The type of investment in mobile infrastructure enhancements seen during Super Bowl 50 in the communities around Levi's Stadium -- located in Silicon Valley and home to the NFL's San Francisco 49ers -- will be required to bring 5G networks "everywhere," said David Young, Verizon vice president-Internet and technology policy, in a company blog post Monday. The "explosion" of data traffic during Super Bowl weekend was made possible because of additional small cells that were "widely deployed" and connected through fiber networks, said Young. Deploying the large number of new small cells required "working closely" with property owners and local governments, and is the same type of cooperative approach that will be needed to bring infrastructure improvements in "thousands of communities" throughout the country, he said. Young also said much of the discussion about the creation of 5G networks has revolved around the need for additional high-frequency spectrum, but what's less understood is that 5G networks will need new infrastructure -- mainly fiber-connected small cells. "The [IoT] and the flood of network traffic that will come with it will be here soon," said Young, and all levels of government need to "modernize practices and fees in a way that will encourage and facilitate the infrastructure deployments that are needed to support the 5G future that is just around the corner so everyone can reap the benefits." Comcast has said that 10-plus terabytes were uploaded or downloaded at the game (see 1602090063).
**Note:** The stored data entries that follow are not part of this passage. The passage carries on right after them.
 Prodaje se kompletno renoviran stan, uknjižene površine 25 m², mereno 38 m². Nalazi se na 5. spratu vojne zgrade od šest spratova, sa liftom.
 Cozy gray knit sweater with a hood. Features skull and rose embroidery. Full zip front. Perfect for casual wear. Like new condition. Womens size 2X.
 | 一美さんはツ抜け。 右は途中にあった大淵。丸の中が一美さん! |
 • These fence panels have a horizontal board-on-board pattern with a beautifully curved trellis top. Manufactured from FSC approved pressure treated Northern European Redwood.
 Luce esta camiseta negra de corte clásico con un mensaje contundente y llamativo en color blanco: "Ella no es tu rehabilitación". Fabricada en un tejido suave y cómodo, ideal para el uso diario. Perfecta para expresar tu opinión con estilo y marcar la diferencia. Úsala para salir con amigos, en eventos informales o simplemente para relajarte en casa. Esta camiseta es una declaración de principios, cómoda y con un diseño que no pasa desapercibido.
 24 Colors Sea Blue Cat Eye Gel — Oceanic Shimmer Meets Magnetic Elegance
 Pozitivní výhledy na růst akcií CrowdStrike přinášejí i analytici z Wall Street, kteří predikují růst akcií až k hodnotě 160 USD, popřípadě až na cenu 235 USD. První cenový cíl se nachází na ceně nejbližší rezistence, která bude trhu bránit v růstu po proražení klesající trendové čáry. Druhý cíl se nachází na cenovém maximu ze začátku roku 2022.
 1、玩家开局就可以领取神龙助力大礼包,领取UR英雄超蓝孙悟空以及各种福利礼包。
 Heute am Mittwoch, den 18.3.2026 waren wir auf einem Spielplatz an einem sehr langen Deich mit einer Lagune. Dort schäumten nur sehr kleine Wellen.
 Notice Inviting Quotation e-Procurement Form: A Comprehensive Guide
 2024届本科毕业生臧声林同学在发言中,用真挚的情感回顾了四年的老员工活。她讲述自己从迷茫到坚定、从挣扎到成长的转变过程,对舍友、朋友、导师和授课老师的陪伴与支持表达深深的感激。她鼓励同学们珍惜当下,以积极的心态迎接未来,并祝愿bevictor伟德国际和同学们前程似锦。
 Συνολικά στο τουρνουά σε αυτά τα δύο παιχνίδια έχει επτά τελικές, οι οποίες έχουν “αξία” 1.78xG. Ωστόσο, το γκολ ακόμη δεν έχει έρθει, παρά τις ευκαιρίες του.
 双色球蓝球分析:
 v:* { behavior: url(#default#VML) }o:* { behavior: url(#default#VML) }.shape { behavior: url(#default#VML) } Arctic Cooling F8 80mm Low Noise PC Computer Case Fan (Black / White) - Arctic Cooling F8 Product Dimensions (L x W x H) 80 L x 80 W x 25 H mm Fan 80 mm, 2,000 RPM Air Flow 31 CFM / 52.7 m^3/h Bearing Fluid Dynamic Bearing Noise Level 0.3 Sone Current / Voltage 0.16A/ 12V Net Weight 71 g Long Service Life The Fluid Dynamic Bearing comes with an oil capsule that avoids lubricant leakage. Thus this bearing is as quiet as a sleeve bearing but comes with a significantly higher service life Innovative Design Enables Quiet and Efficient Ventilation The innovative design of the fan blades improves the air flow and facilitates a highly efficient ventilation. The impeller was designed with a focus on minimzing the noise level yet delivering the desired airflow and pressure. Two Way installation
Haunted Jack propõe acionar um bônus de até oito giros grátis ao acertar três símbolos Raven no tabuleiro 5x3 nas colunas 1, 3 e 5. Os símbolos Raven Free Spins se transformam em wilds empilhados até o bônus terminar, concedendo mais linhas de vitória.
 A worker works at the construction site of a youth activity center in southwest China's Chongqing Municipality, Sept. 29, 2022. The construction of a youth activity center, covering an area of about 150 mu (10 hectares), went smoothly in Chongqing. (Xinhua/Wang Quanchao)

AT&T said it's offering up to $650 in credits to encourage people to switch to AT&T. Sprint, T-Mobile and Verizon already have made similar offers. Customers who choose the offer can combine it with AT&T's buy-one, get-one free promotion that covers a number of popular smartphones, AT&T said in a news release Monday.
Qualcomm announced new Snapdragon processors for wearables and smartphones, it said. LG and Qualcomm, which have collaborated on smartwatches based on Android Wear, will continue their relationship via the Wear 2100 processor, said LG Vice President-Wearables David Yoon. New LG smartwatches and “other wearable devices” will launch later this year, he said. The Snapdragon Wear platform comprises silicon, software, support tools and reference designs available in tethered (Bluetooth and Wi-Fi) and connected (4G/LTE and 3G) versions, said Qualcomm. It also announced Thursday three upcoming Snapdragon processors for mid- and high-end smartphones, supporting LTE with carrier aggregation and HEVC video compression.